Overview and information about third-party providers
Below, we mention the third-party providers used according to their services. We inform you which services are used by which companies from which countries and provide you with a link to the currently valid privacy policies to the best of our knowledge. If you have any further questions about any of the services listed below, please contact us using the contact options mentioned at the beginning of this privacy policy.
8.1 Third-Party Data Storage (Settings)
We use CookieBot to save your preferences on how cookies should be used. CookieBot is a cloud-based solution from the Danish company Cybot A/S that automatically controls cookies and trackers, ensuring full compliance with GDPR and ePrivacy for websites.
Service, Tool, System
Provider
Location (Country), Server Location
Terms of Use, Privacy Policy, Data Processing
9. Contact Forms, Comment Functionality
9.1 Contact Forms
When you use the contact forms on our website or send us an email, your personal data is processed by us. This information, as well as your IP address, and the date and time of your contact request, are transmitted by your browser or email client and stored in our systems. Without such processing of your personal data, we cannot respond to your request. Collecting technical data is necessary to prevent misuse of the contact form and to ensure the security of our systems.

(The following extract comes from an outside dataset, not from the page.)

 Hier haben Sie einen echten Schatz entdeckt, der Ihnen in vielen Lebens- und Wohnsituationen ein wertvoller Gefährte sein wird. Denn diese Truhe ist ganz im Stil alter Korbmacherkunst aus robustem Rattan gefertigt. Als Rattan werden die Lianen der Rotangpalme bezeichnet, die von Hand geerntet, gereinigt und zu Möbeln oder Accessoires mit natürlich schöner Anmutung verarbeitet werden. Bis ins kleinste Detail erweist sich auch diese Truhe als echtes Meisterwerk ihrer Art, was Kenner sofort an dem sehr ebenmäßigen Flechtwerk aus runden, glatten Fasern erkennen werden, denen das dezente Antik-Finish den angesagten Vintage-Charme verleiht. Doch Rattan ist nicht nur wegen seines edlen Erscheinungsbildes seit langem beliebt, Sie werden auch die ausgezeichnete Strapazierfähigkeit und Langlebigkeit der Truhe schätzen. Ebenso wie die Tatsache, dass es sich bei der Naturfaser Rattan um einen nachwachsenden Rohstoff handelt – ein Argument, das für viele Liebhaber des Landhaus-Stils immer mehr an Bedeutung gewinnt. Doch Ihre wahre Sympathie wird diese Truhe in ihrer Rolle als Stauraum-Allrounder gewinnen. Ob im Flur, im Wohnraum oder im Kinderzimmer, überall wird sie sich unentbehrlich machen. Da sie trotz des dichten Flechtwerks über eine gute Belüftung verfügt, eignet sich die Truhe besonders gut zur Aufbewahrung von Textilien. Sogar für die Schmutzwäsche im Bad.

Personal data is deleted periodically. We do not merge this personal data with other data sources. There is no transfer of data to third parties unless necessary to respond to your inquiry.
9.2 Comment Functionality
Our website currently does not offer a comment feature.
10. Copyrights
All content on this website is either copyrighted, Copyright by BodyLab, or we have obtained a license to use parts of the website not attributed to our copyright. All rights strictly reserved. We also refer you to our terms of use for this website.
11. Disclaimer
Regarding our liability in connection with the use of this website, we refer to our Terms of Use.
12. Current Relevance and Changes
As we continue to evolve our website, implement new technologies, adjust our internal processes, or adapt to changes in legal frameworks, it may become necessary to update this privacy policy. We, therefore, reserve the right to change this privacy policy at any time while adhering to data protection regulations and laws.

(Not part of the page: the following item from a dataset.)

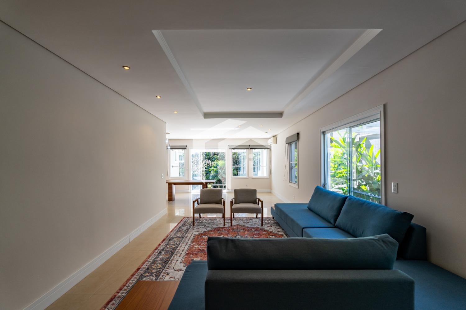 Amplo living, composto por 3 ambientes, conta com um lavabo, enquanto a sala de TV e o escritório proporcionam espaços adicionais para relaxar e trabalhar.
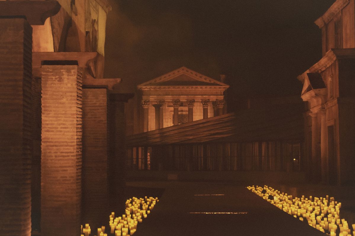 상영이 끝난 뒤 이어진 행사 역시 치네치타가 자랑하는 고대 로마 세트장에서 진행되었습니다. 공화정 시대의 포럼을 정교하게 재현한 이 공간은 마치 시간을 접어 과거로 들어가는 문과도 같았죠. 대리석의 질감과 빛이 만나 만들어낸 공기는 영화보다도 더 영화 같은 분위기를 완성했습니다. 쿠치넬리가 그토록 강조해온 존엄과 절제의 미학이 단순한 관념이 아닌, 물질적인 형태로도 구현될 수 있다는 사실을 절감하게 되는 장면이었죠.

Since the privacy policy may change, we recommend visiting this page from time to time to stay informed about the latest version of the privacy policy.
The latest version of the privacy policy can always be accessed freely on our website.
The currently valid privacy policy is written in German. Any translated versions we may provide are for informational purposes and better understanding only. In the event of disputes, the German text is legally binding and takes precedence over other language versions.